海水可以滋养蛟龙的龙气,偏偏常人是无法承受得住的,哪怕是无法飞升的蛟龙之气,也足以克制迦南源的普通人。人蛟相处一久,人必定会被蛟龙气息浸沸,精气都会被龙气震动四散旁溢,不得长寿。
两者想要在一起,人不可能变成蛟龙,那只有蛟龙化简、断绝龙气。说得是很容易,可是除了身死魂灭,哪能轻易脱出?唯有一种办法,便是破釜沉舟的行径——断尾抽髓。一直以来,这都是族中惩罚大不赦恶蛟的极刑。
除此以外,最大的问题还是世缘怀着的孩子。人胎会蚕食蛟龙脊髓,同时蛟龙气息也无时无刻不在伤着婴孩,两相缠斗,最终胎儿顶破蛟龙背脊诞出之时,就是母子俱损之刻。
这就是陶冉老板最不愿意看到的结果。
然而他的所有规劝反而坚定了世缘的决心,她知道所有利害关系之后,选择了瞒着应慕云,一意孤行。她选了于自己而言最坏的结局:去龙尾、断龙脉,用自身所剩龙骨供养人胎,让胎儿可以顺利长大。即使油尽灯枯、魂归四水,也要博这一下。
对一条从未经多少世事风霜的蛟龙来讲,她不知险恶、不知人心易变、更不知,她单纯的付出,也只是她以为的义无反顾而已。
马车里,浅婴听完世缘幼稚而又赤诚之语,只是轻轻拍着她的手背说:“我会尽我所能,护你孩儿的周全。”
陶冉和浅婴无法想象世缘是带了多大的毅力和决心受刑的,他们被蛟龙族长敕令离开东泱海岸,根本无法驰援。
行刑之后的世缘被独自抛落到东泱岸边,一失蛟龙尾,她便什么都不是。她算不上真正和的“人”,龙脉已断,蛟龙一族也摈弃她而去,她更算不上一条“龙”。听着耳边滔滔的海浪声,她逐渐感觉到耳朵里溃烂的血顺着脸颊流了出来,身旁所有的声音都渐渐迷失在剧烈的疼痛之中。
海风吹过,她的四肢开始抽搐失力,筋断血逆,她挚爱的海风如烈焰在炙烤着她,不放过她任何一寸皮肤。她知道此刻应该快点离开海边,否则不消多时就会化成一摊血沫。

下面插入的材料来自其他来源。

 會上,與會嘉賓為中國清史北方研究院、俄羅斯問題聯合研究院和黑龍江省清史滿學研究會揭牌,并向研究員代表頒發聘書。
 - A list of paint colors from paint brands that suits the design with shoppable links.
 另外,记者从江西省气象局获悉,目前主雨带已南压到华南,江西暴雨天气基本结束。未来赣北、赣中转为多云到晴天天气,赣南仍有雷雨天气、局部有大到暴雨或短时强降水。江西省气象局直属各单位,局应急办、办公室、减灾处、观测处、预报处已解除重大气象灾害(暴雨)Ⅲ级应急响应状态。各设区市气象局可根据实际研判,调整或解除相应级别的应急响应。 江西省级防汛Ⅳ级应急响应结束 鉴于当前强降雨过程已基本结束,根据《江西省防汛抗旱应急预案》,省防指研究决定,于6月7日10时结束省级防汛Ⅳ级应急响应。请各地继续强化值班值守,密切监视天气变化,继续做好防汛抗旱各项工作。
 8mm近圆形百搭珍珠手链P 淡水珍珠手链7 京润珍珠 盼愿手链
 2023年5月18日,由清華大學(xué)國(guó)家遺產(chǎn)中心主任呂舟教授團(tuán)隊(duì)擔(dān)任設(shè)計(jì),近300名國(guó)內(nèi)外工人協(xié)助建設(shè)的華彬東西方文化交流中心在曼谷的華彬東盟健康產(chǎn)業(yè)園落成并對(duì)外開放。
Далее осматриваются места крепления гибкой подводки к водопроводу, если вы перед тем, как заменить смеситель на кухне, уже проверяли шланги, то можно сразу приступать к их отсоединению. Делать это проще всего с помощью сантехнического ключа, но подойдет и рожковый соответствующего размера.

可是却一点力气都使不出来。
她知道自己快要死了,所有为爱大义凛然的设想都会在东泱的海岸戛然而止,早知如此当时何必思虑那么多?
她的内心居然一时无比平静,走马灯似得想了很多。
她是有怨怼的,要带着不能出世的孩子一起去死,而她所思所想之人却根本毫不知情。
三年的爱恋风月,居然只余下这个结果。
她一下子体会到了陶冉老板如此愤慨的原因,觉得自己现在一定是浑身写满了“活该”二字。可是怪天怪地,最终她谁都怪不了。她忽然明白了,天长耐不过地久。

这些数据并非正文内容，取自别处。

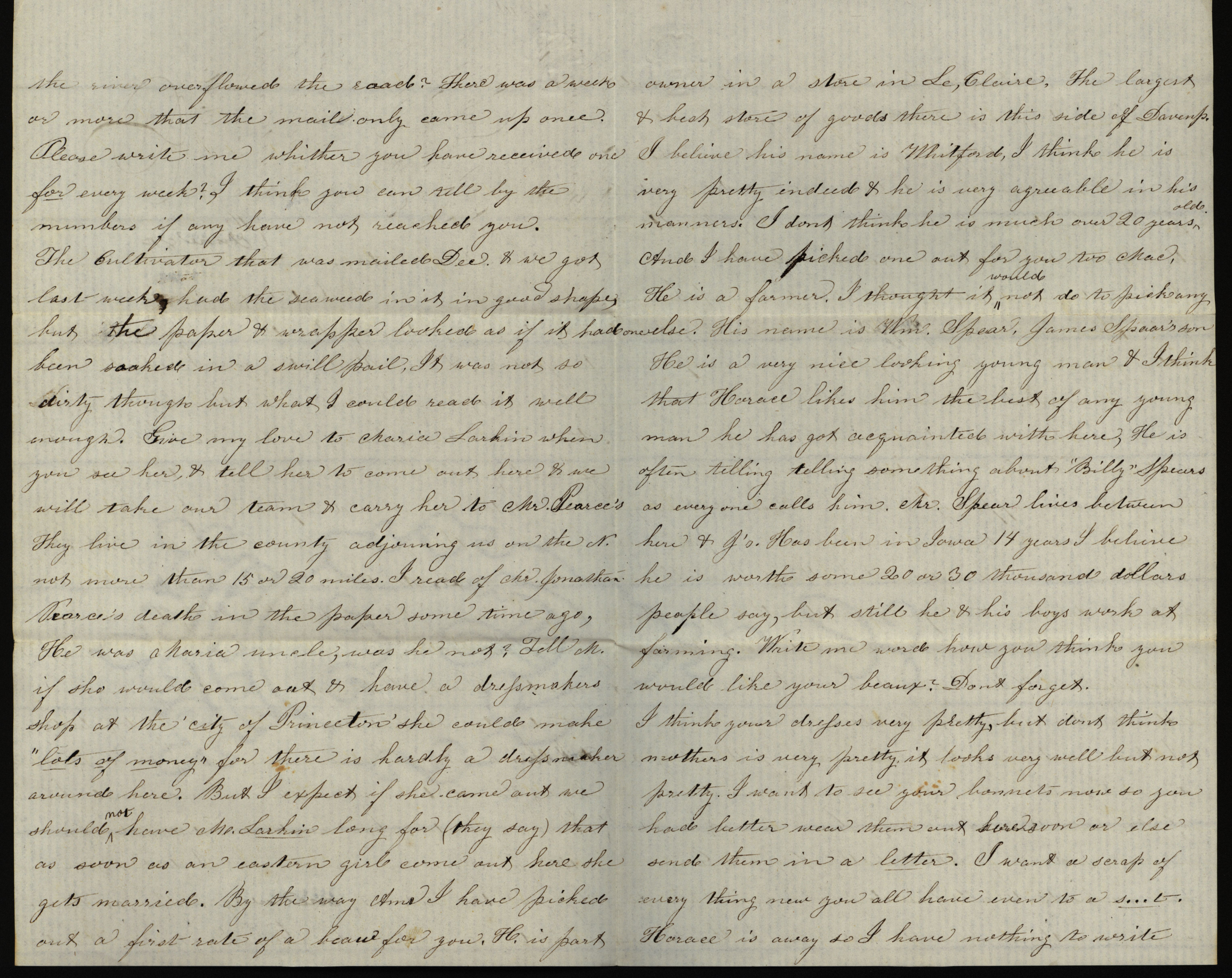 - Letter from Sarah Underwood to her sisters Ann E. Tefft and Mae Tefft June 8, 1857 discussing her neighbors and describing potential suitors for her sisters. Sarah also requests fabric samples from her sisters' clothing.

但那时她也是没有记恨应慕云的,她安慰自己,因为他不知道她所要受的。是她自己固执地以为她可以瞒下一切,可以等一切都过了、等一切都恢复了,再笑盈盈地装作没事一样回去找他的。
但经历了之后她明白了,她再也回不去以前的样子了。
此时她不知道是该先心痛永失海洋,还是心痛她不能出生的孩子,还是心痛她昙花一现的爱恋。
她又回忆起砍尾巴之前的晚上,陶冉老板存着最后一丝希望,几乎是湿着眼眶劝她回头的话语。
陶冉老板告诉了世缘,他自己的身世。
自古蛟龙一族与人结合,一般都会被视为背弃海族。蛟龙和迦南人离开,生活到迦南源其他地方去,有些会死于生产,有些会经历亲手送葬爱人之悲。比较少有的,是迦南人愿意为蛟龙迁徙生活到另一处海域,既离开蛟龙本族、却不远离水域,谨慎克制彼此情感,两两相守、安稳百年。
几乎没有听闻过蛟龙产子,陶冉的父母几乎是当世蛟龙一族唯一的例外。不仅是例外,甚至是标杆和警示。
陶冉的父亲是迦南望族之后,他的母亲与他订了终身后本也是被视为背弃海族、驱逐出南泫的。最后竟可以安然生下他、乃至求到了长老医治,皆是因为他的父亲做了他人不敢为之决定。
他的父亲并不在意自己是望族之后,决定不要孩子,只想和他母亲相知相守。不知为何,他们还是有了陶冉。
蛟龙怀人胎,珠胎暗结,绝路一条。陶冉的父亲却选择了一条从无人敢走的逢生之路。他们星夜兼程赶到南泫,他父亲在南泫边放了心脉之血引来蛟龙族长,跪求蛟龙一族重新接纳陶冉的母亲,然后毫不犹豫挖了自己的心肝献出,以死换得他们救治自己的爱人。
他的魂魄被祭给了南泫海魂,随后他的母亲吃下了那心甘情愿被挖出来的、爱人的心肝。
陶冉的母亲踏着刚刚被爱人的热血染红的南泫海水,在那血水被浪涛带走之前饮了几口,再一步步走回了南泫海底。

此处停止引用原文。